Gareca usa decepção em 1986 para incentivar Peru na Copa

Crédito: Mariana Bazo/Reuters
Ricardo Gareca, treinador do Peru, domina bola em treino da seleção

ALEX SABINO
DE SÃO PAULO

Antes de ser herói nacional, Ricardo Gareca foi vilão.

Fez o gol que classificou a Argentina para o Mundial de 1986 e eliminou os peruanos, a seleção que hoje dirige.

O lance deveria ter selado sua presença na Copa do México. Mas a estreia vai acontecer apenas em 2018, na Rússia.

Na época, Gareca era nome certo na lista do técnico Carlos Bilardo. Em época pré-internet, esperava a ligação no hotel que servia de concentração para seu clube, América de Cáli.

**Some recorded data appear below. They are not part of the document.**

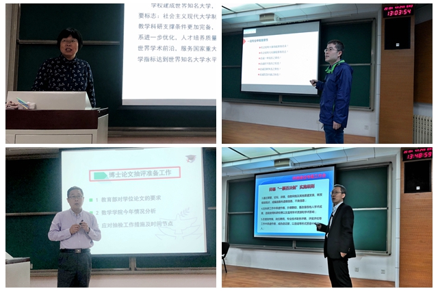 最后,高伟涛就 “红数林”学生成长社区、“思政教育进数学课堂”的开展情况向学院教师进行了介绍,并围绕学院“双一流”建设、“十三五”发展目标及2019年重点工作,提出了凝心聚力、共谋发展的希冀。
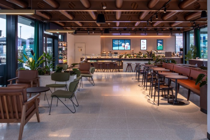 Il nuovo Drive Thru si estende su due piani: piano terra e seminterrato. Include anche un'area esterna che darà ai clienti la possibilità di ordinare la loro bevanda Starbucks preferita e i prodotti del menu, comodamente dalla loro auto. I consumatori possono anche personalizzare qualsiasi bevanda del menu, potendo scegliere tra latte di soia, latte di mandorla e latte di avena.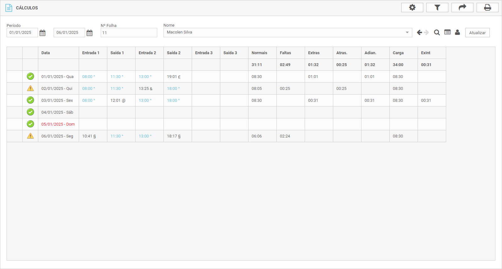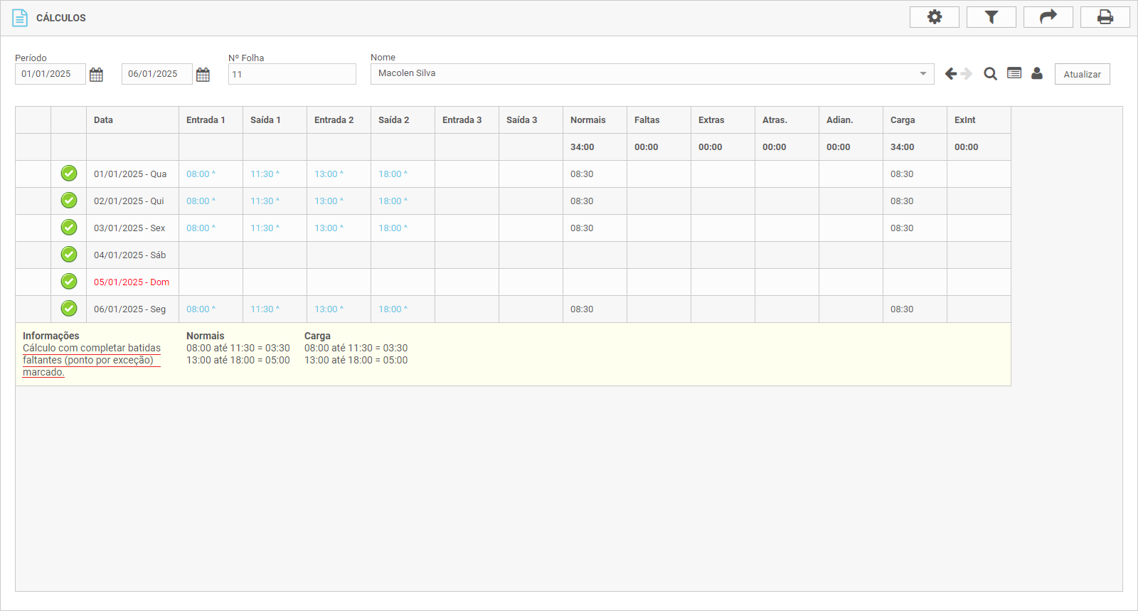 Veja abaixo um exemplo de como aparece o Relatório de Cálculos com as marcações de ponto registradas: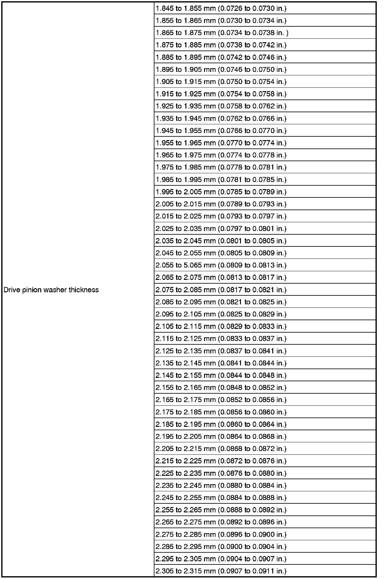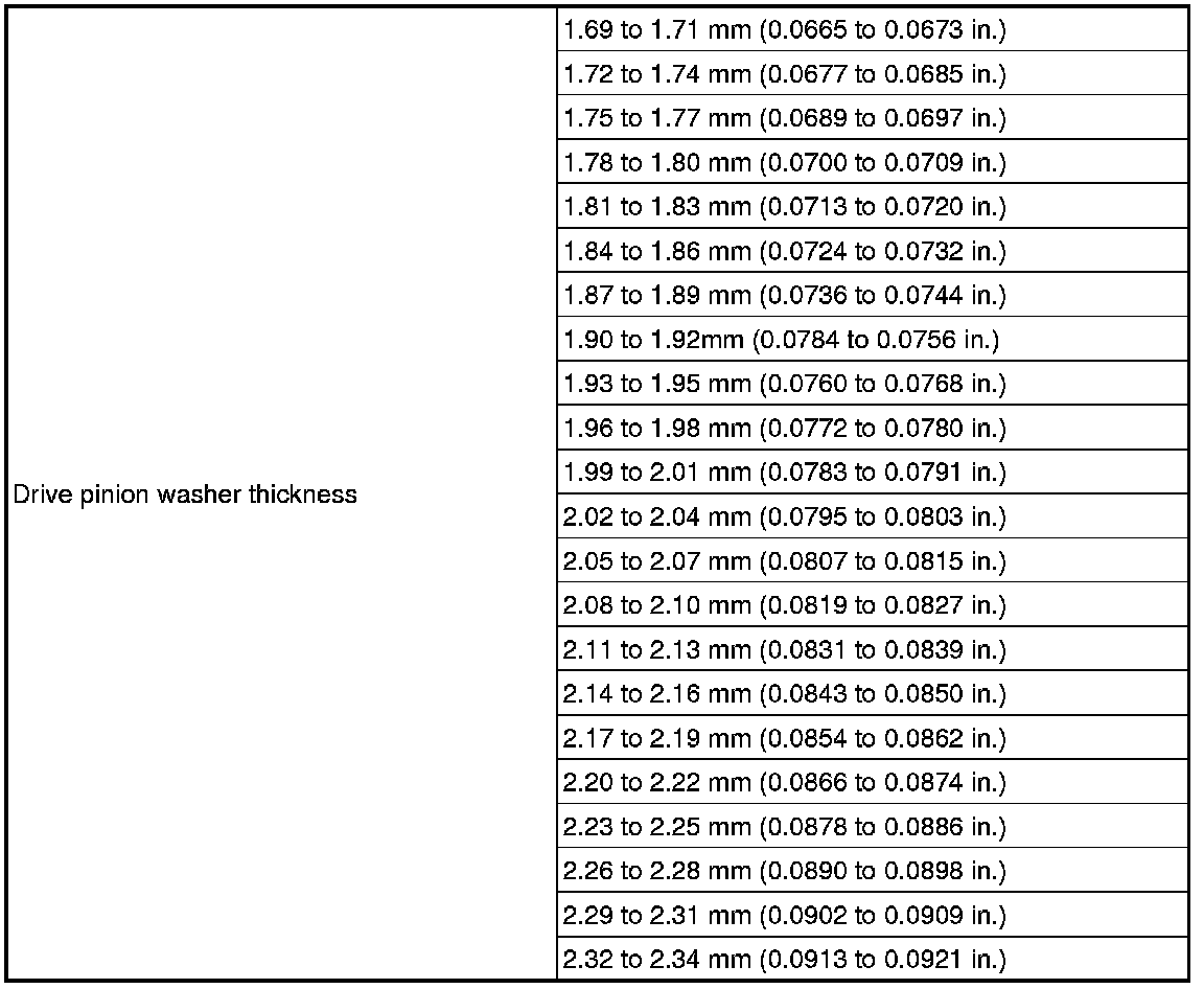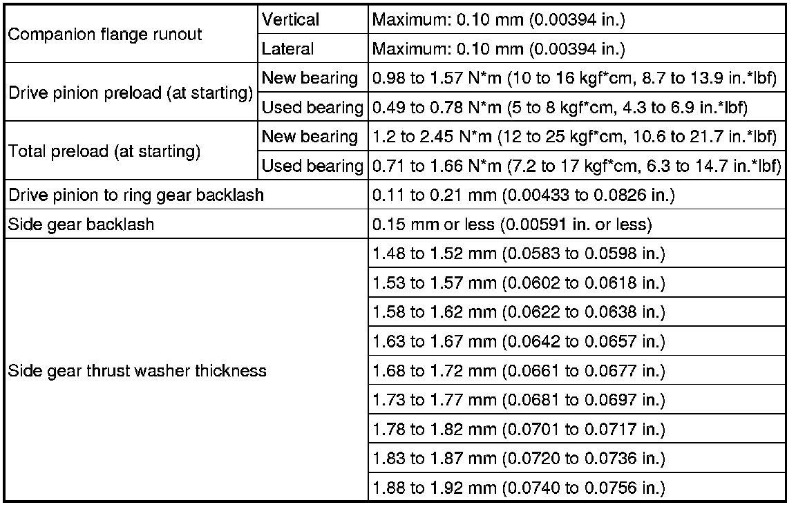 SPECIFICATIONS: AXLE AND DIFFERENTIAL: SERVICE DATA

No meio da tarde, quando saiu no corredor, percebeu que nenhum outro jogador o encarava. Gareca não estava na lista. "Eu não disse nada. Apenas fui para o meu quarto e chorei", confessa.

Ele se sentiu injustiçado. No momento em que Bilardo era massacrado pela imprensa argentina, Gareca o defendeu. Organizou conversa dos jornalistas com jogadores da seleção e estes pediram para que as críticas parassem.

De certa forma, depois disso nasceu o Ricardo Gareca que depois seria técnico e classificaria o Peru para a Copa do Mundo pela primeira vez depois de 36 anos.

Crédito: Ernesto Benavides/AFP
Jogadores do Peru comemoram vitória sobre a Nova Zelândia que classificou a seleção para a Copa

"O maior desafio foi fazer os peruanos acreditarem no próprio potencial. Havia um problema de confiança. No momento em que alguma coisa dava errada no jogo, era o fim. Tivemos de fazê-los perceber que havia um caminho", disse Gareca à Folha dias antes do sorteio que definiu que a seleção vai enfrentar França, Dinamarca e Austrália no grupo C.

Falar em disciplina é discurso que não caberia para o Gareca atacante pré-1986.

Em 1981, ele foi suspenso por oito jogos por arrancar o cartão vermelho da mão do árbitro e jogá-lo para cima. Quando voltou do gancho, ofendeu outro juiz e ficou fora por mais 11 partidas.

É o mesmo Gareca que hoje fica cheio de dedos para falar sobre a situação de Paolo Guerrero, suspenso por doping, mas que poderá jogar a Copa após a redução da sanção para seis meses.

"Não posso comentar sobre essa situação. Paolo é uma referência para o grupo. É grande jogador e excelente pessoa. Ninguém na seleção tem nada de ruim para dizer a respeito dele", completa.

Não é a classificação que vai encerrar a lavagem cerebral que Gareca faz nos jogadores e torcedores peruanos. É algo que precisa seguir.

Ele afirma ter percebido isso na homenagem feita ao time, quando um deputado disse que havia uma geração de peruanos que jamais viu a seleção disputar a Copa. No evento, Gareca recebeu do Congresso a medalha de honra no grau de cavalheiro.

O técnico argentino quer que a classificação vire rotina. Como foi para o Equador entre 2002 e 2010 ou para a Colômbia a partir de 1990.

"Não é possível que o Peru vá esperar mais 30 anos para ir novamente ao Mundial. O futebol peruano precisa encarar a vaga como algo natural, não inesperado."

O momento que sentiu sua mensagem ser assimilada de verdade tem data: 5 de setembro de 2017. O Peru venceu o Equador em Quito e entrou no grupo dos classificados.

Desde que a vaga foi assegurada, Gareca é questionado sobre a volta à seleção do atacante Claudio Pizarro, 39, do Colônia (ALE). Sempre usa a resposta para mandar recado aos outros atletas: o grupo não está fechado. Motivação é palavra batida, mas ele usa a própria decepção de 31 anos atrás como combustível.

E, se a equipe passar da fase de grupos, todos vão acreditar mais no seu credo: "Não vamos à Rússia para fazer figuração. A classificação foi emocionante, vi muita gente chorando, mas temos potencial para mais."